* **Task objective**
Reproduce the material below only from the line with "Auf der zweiten" to the line with "记录一下,欧美股市在特朗普关", both included, keeping each line exact and dropping the pictures.

* **Supplied data**
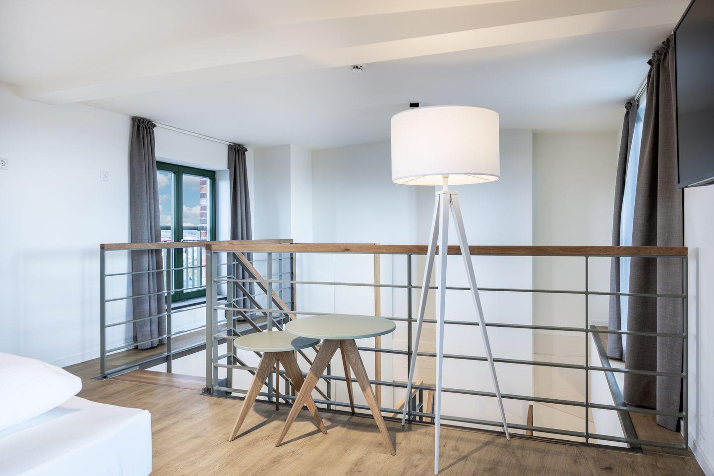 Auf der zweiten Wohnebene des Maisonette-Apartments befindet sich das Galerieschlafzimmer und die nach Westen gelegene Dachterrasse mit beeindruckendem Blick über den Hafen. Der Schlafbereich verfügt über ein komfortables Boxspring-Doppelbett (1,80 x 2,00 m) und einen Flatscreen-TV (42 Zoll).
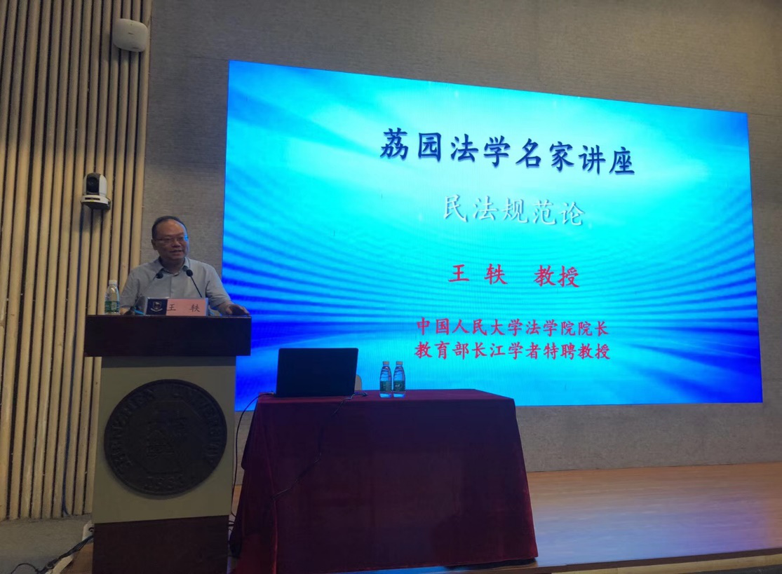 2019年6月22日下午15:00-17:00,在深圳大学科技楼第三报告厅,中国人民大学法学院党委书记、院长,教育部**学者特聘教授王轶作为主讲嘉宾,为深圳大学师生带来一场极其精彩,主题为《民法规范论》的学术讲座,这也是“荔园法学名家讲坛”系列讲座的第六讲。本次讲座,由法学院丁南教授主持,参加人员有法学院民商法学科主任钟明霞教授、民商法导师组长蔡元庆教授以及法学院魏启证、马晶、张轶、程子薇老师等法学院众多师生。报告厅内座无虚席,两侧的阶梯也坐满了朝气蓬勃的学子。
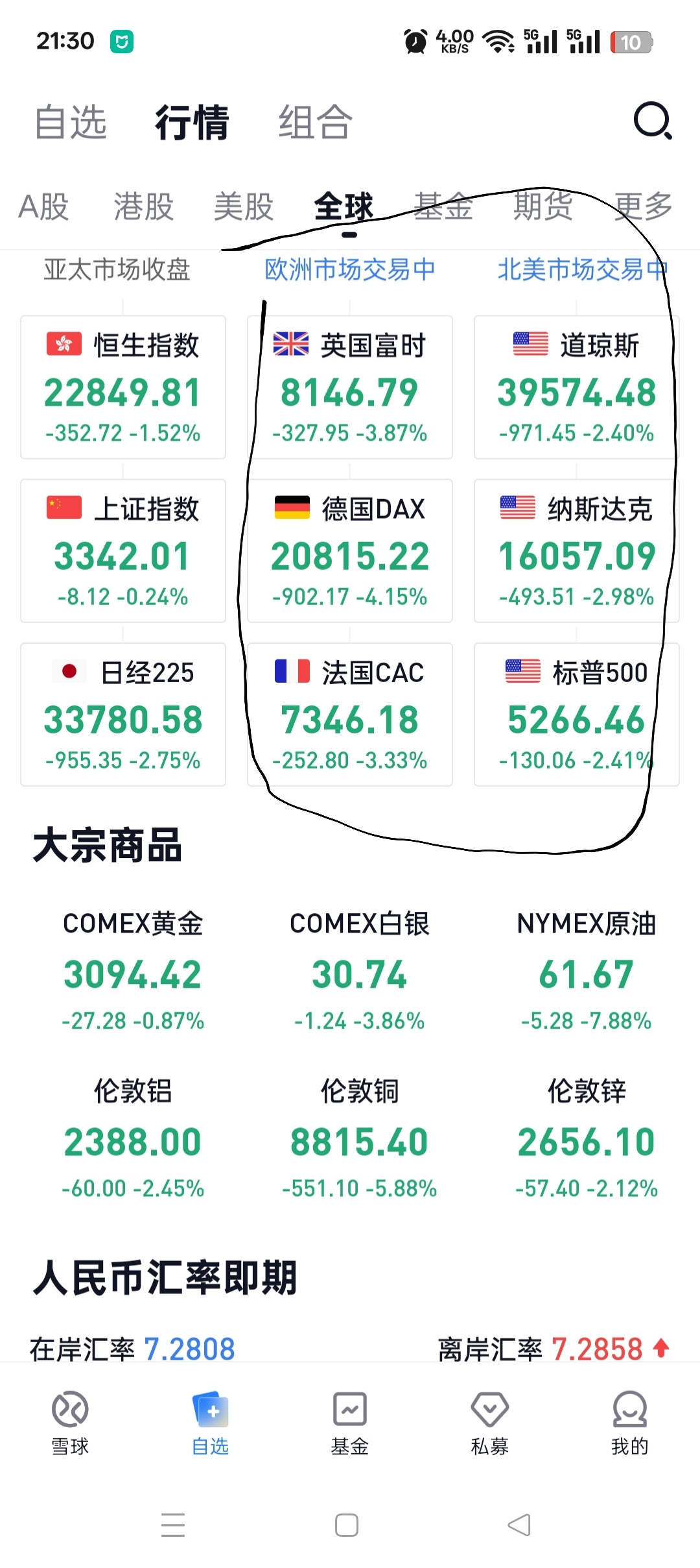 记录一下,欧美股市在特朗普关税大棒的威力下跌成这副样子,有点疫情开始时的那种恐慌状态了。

* * *

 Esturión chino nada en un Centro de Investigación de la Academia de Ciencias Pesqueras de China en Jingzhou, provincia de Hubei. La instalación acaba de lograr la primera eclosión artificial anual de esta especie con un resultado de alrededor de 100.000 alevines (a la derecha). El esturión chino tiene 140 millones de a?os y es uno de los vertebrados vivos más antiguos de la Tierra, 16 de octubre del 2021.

* **Task solution**
 Auf der zweiten Wohnebene des Maisonette-Apartments befindet sich das Galerieschlafzimmer und die nach Westen gelegene Dachterrasse mit beeindruckendem Blick über den Hafen. Der Schlafbereich verfügt über ein komfortables Boxspring-Doppelbett (1,80 x 2,00 m) und einen Flatscreen-TV (42 Zoll).
 2019年6月22日下午15:00-17:00,在深圳大学科技楼第三报告厅,中国人民大学法学院党委书记、院长,教育部**学者特聘教授王轶作为主讲嘉宾,为深圳大学师生带来一场极其精彩,主题为《民法规范论》的学术讲座,这也是“荔园法学名家讲坛”系列讲座的第六讲。本次讲座,由法学院丁南教授主持,参加人员有法学院民商法学科主任钟明霞教授、民商法导师组长蔡元庆教授以及法学院魏启证、马晶、张轶、程子薇老师等法学院众多师生。报告厅内座无虚席,两侧的阶梯也坐满了朝气蓬勃的学子。
 记录一下,欧美股市在特朗普关税大棒的威力下跌成这副样子,有点疫情开始时的那种恐慌状态了。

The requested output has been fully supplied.